**Aim of the task**
All pictures are to be skipped; retype only the lines from the top of the entries through the line with "Figure 1. The", both included.

# # # # # # #

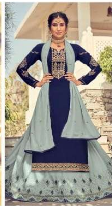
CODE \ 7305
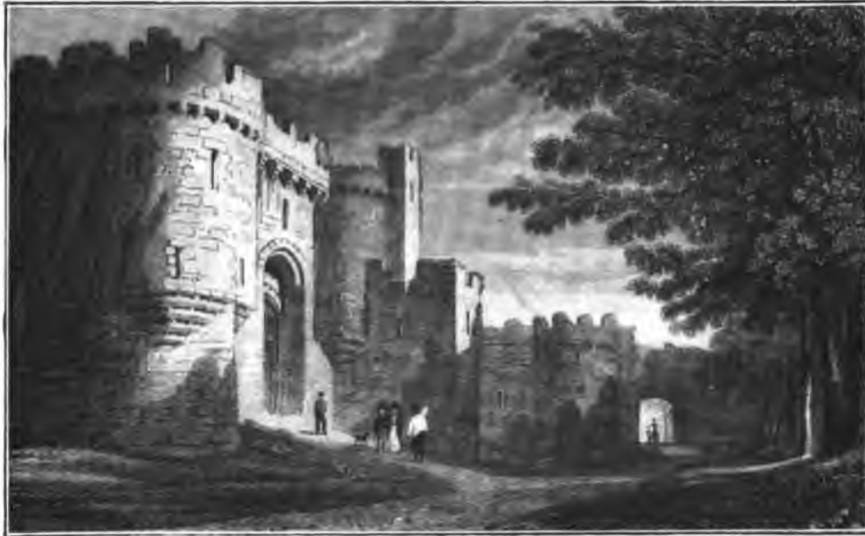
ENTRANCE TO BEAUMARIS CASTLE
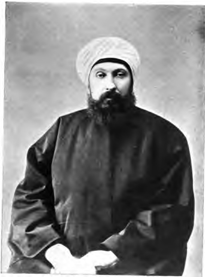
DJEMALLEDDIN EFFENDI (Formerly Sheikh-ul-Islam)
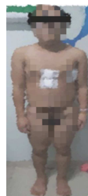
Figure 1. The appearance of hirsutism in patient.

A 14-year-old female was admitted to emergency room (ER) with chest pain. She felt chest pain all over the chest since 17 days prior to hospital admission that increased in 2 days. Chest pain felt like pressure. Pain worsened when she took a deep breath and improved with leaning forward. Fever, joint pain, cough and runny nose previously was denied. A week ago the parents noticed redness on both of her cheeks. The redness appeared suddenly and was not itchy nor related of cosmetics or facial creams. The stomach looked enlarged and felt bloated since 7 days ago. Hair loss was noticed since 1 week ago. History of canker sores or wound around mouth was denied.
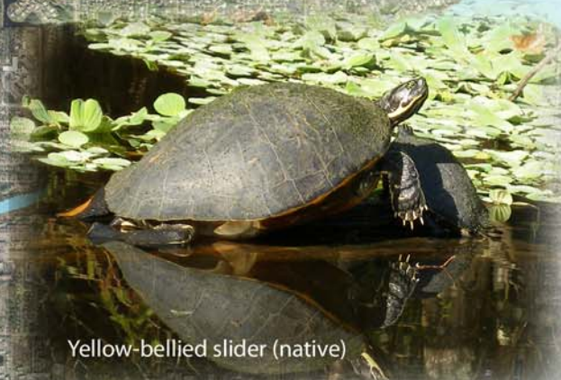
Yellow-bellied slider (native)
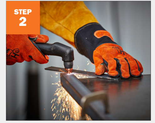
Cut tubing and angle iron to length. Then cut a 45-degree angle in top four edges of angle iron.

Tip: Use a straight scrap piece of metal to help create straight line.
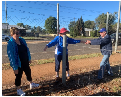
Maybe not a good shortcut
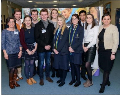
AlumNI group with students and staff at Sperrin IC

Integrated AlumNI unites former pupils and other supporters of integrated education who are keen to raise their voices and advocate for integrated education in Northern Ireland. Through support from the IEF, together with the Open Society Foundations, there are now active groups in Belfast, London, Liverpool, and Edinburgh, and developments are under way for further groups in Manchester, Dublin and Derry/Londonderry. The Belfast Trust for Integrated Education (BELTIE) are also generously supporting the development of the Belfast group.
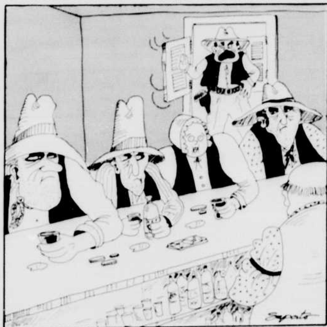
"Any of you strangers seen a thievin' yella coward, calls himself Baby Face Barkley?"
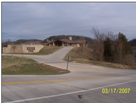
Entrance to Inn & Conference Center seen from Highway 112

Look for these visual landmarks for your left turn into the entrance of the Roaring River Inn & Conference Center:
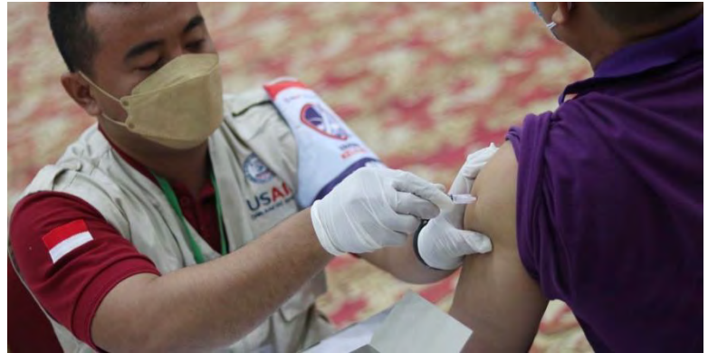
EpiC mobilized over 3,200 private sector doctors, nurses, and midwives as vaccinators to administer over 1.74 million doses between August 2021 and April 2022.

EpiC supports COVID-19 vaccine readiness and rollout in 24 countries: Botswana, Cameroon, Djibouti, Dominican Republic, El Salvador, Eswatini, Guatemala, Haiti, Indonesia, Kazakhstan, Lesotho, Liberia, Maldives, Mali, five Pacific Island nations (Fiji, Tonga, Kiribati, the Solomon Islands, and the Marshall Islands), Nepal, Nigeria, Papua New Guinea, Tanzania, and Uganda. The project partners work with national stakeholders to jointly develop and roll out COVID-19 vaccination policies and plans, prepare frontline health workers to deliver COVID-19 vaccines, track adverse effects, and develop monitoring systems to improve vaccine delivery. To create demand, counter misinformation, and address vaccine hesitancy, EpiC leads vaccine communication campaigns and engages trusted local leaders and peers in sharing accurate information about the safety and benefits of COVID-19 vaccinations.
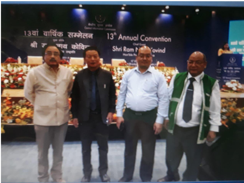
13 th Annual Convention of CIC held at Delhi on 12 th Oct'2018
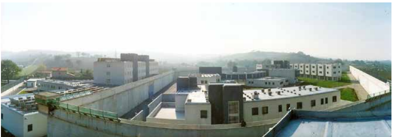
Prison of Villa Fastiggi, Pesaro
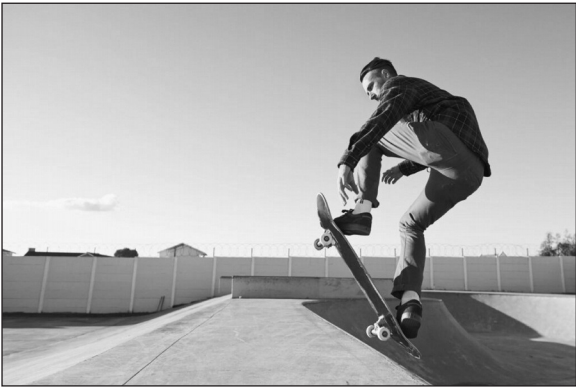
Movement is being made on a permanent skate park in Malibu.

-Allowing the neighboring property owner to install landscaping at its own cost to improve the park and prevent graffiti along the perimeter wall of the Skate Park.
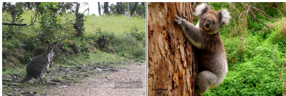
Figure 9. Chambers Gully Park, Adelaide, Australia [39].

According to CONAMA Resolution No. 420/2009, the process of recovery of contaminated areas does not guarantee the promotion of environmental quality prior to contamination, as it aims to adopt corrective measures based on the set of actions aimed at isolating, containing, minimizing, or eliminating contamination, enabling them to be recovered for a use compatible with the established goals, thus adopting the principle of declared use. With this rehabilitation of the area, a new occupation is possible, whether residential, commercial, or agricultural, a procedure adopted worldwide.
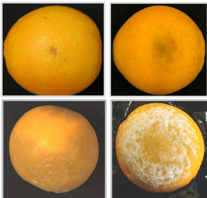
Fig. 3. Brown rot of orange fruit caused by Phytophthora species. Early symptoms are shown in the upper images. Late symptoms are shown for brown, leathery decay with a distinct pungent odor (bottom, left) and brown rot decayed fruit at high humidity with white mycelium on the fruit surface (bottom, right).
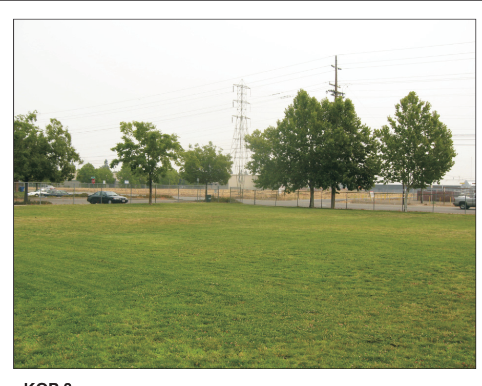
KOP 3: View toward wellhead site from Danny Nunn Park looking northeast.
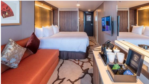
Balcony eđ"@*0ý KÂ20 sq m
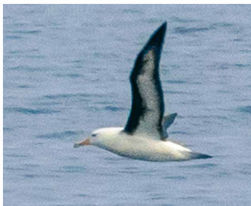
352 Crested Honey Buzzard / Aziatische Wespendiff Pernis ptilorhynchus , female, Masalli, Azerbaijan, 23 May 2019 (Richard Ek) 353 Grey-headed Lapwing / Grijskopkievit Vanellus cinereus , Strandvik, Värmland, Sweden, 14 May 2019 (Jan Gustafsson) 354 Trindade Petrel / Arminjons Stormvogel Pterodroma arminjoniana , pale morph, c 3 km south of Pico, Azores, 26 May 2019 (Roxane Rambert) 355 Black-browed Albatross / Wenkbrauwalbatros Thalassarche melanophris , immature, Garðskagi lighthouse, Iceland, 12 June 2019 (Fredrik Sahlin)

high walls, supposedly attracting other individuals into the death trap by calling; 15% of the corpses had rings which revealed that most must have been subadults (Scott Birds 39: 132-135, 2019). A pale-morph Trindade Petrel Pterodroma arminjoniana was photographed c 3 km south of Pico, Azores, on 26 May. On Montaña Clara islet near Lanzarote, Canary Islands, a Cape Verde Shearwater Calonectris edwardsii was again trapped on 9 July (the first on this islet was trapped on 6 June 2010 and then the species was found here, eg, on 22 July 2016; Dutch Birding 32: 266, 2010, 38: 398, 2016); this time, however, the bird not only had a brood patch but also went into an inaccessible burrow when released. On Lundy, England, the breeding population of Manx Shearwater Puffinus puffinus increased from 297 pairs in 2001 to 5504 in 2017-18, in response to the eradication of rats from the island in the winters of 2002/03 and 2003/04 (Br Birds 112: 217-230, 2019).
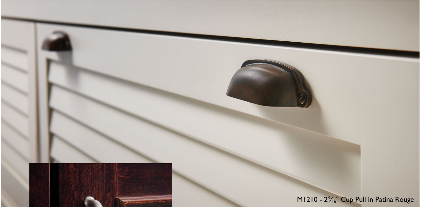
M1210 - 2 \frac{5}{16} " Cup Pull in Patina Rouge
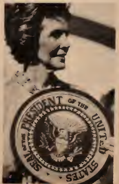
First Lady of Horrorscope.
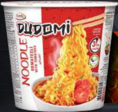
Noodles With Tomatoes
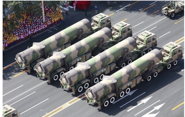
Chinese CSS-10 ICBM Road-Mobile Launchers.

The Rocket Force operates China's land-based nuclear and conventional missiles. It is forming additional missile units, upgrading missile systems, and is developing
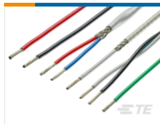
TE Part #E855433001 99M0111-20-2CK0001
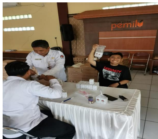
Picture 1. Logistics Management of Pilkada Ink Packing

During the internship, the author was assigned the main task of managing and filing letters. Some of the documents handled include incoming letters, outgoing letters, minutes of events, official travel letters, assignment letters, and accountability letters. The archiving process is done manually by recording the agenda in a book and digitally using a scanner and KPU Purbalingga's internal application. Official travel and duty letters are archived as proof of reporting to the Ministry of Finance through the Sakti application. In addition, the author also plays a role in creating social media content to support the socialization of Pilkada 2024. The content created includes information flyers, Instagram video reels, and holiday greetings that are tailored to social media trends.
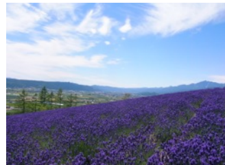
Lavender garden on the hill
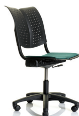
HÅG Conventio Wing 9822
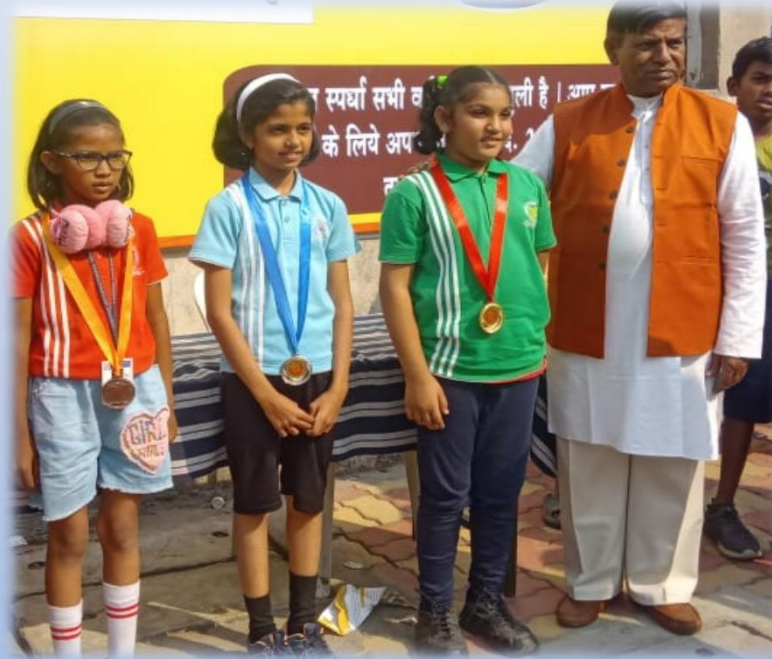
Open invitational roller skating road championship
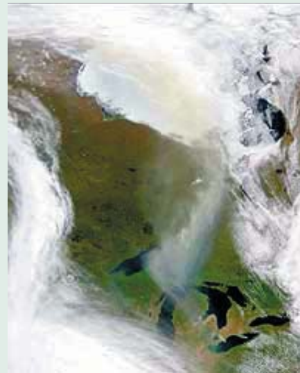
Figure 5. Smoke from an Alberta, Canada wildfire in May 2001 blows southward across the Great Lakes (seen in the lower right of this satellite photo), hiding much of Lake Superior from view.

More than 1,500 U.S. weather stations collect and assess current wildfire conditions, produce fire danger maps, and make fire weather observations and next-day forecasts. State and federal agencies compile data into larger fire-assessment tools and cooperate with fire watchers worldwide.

# # # # # # #

**Answer space**
CODE \ 7305
ENTRANCE TO BEAUMARIS CASTLE
DJEMALLEDDIN EFFENDI (Formerly Sheikh-ul-Islam)
Figure 1. The appearance of hirsutism in patient.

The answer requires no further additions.